If you’ve been to a Catholic christening, you know the basics of the ceremony. Usually held after Mass, everyone gathers around the church’s baptismal font. These nobles gather in a ritual chamber in Rhys and Evaine’s manor home. Being Deryni, the Christian comes together with the magickal. The room is warded, and Jeb “calls the quarters” using an older form he learned from his father. Here’s the first of the four quarter calls:

All Honor to St. Raphael, Physician-Healer, Lord of Wind and Tempest, Prince of Air, Thou Eastern Warder!
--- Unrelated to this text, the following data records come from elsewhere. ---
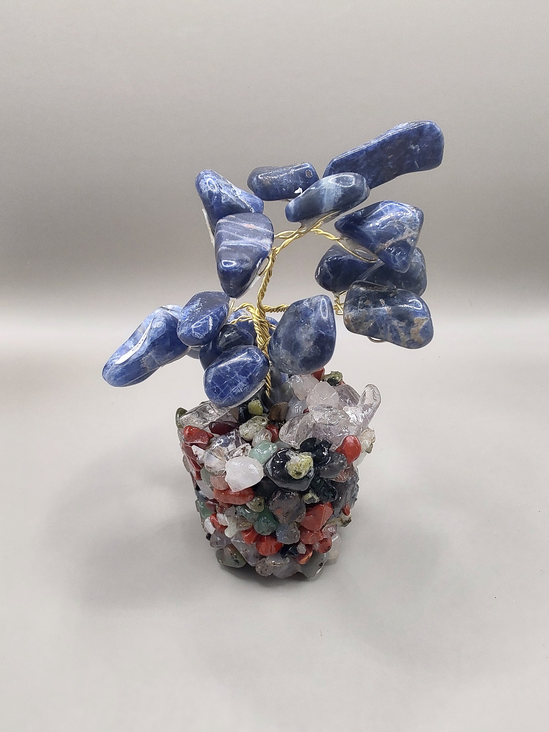 Base em um vasinho de mini cristais diversos.
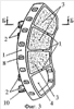 На Фиг.3 – каркас колодки с камерами и фрикционным элементом из цельных вставок, а также окнами на боковой поверхности, вид со стороны рабочей поверхности колодки.
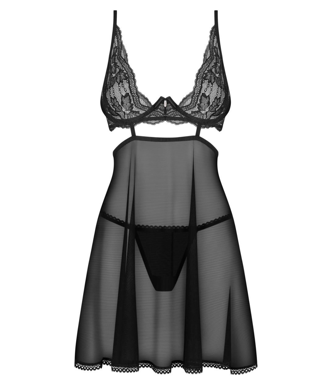 Obsessive - Nutris Babydoll & Thong, fint nät, genomskinligt och spets upptill på kuporna
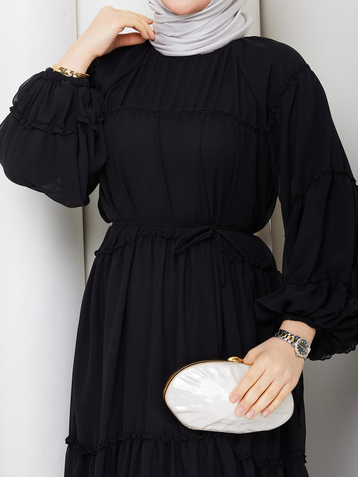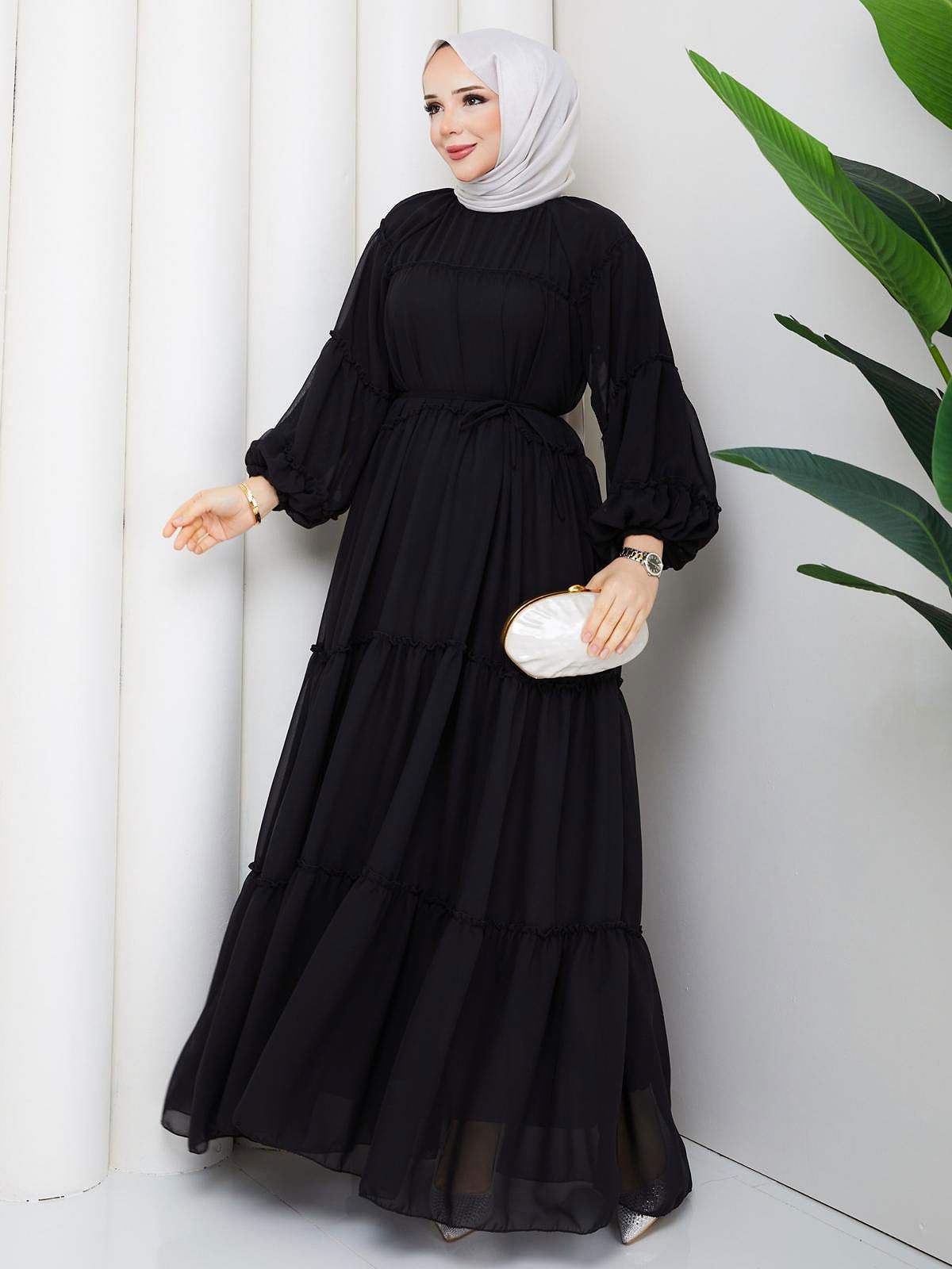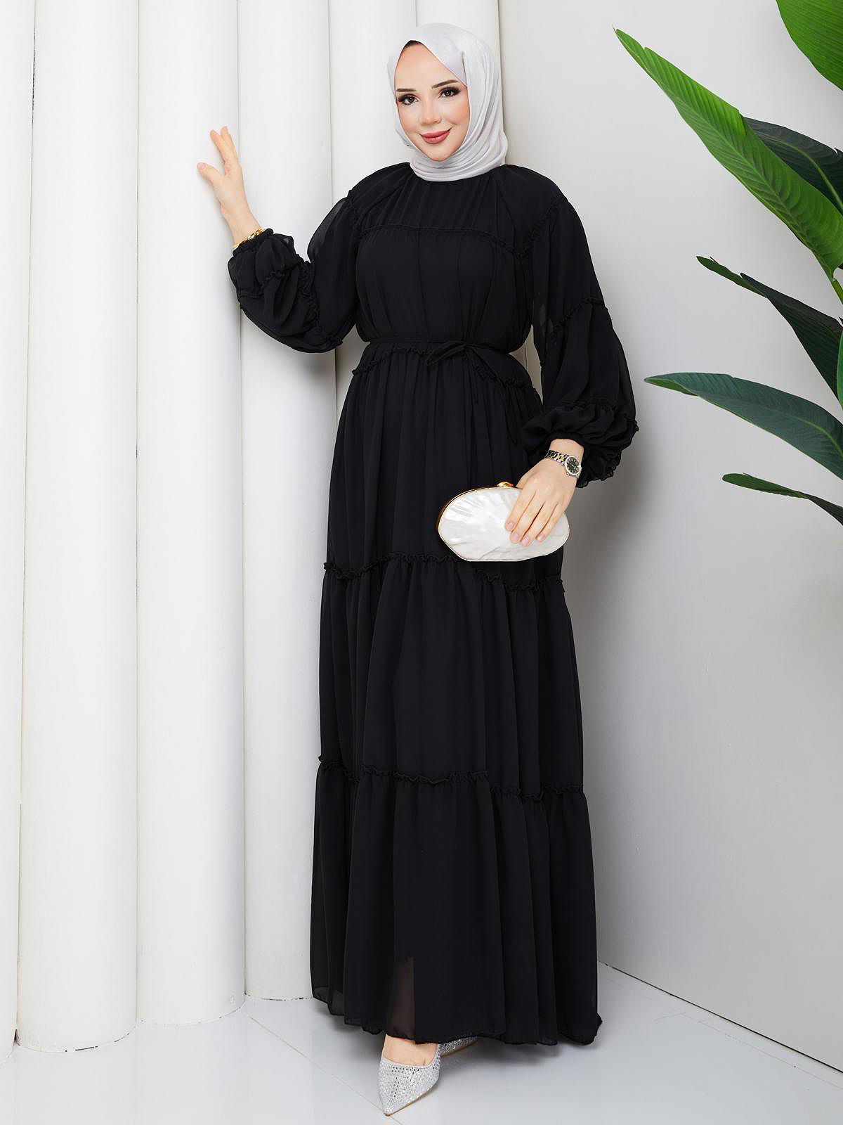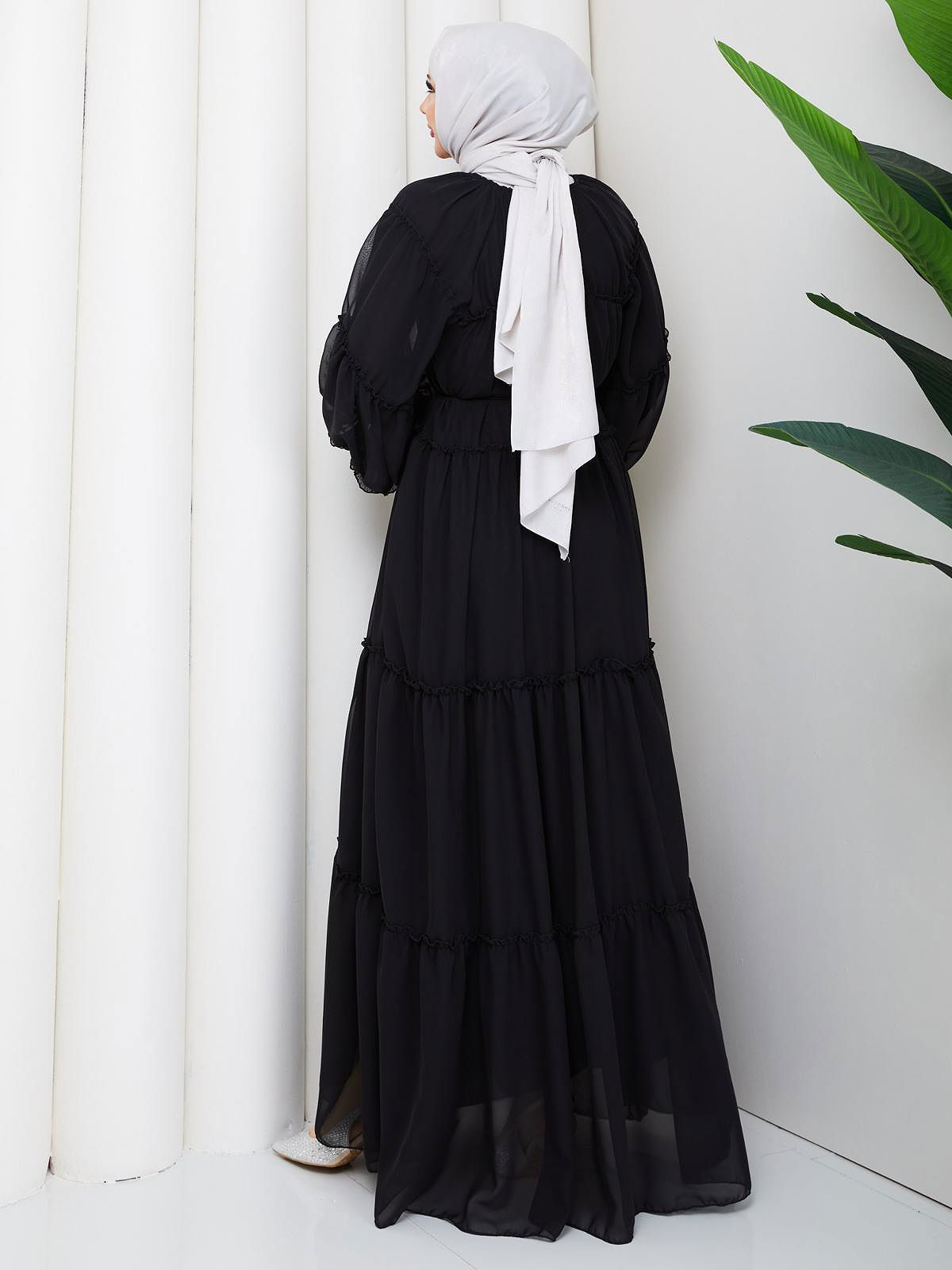 Kat Kat Şifon Tesettür Elbise-5105 Siyah

Here stand thy servants, Rhys and Evaine, to dedicate their son, a Healer-born!

The others continue the Call, following Jeb’s lead. It’s a joyous way to invite the Archangels into the ritual. While this ritual follows a Christian framework, it’s wouldn’t be hard to adapt it to a Wiccan/Pagan working. My first instinct is to convert some or all of the four Archangels to feminine forms, maybe Raphaella and Michaela?

So, the story is about Deryni Healers and bringing a new generation of magick-workers into a tense world. That Kurtz chose Lammas for the setting works. It’s a positive, happy time of year.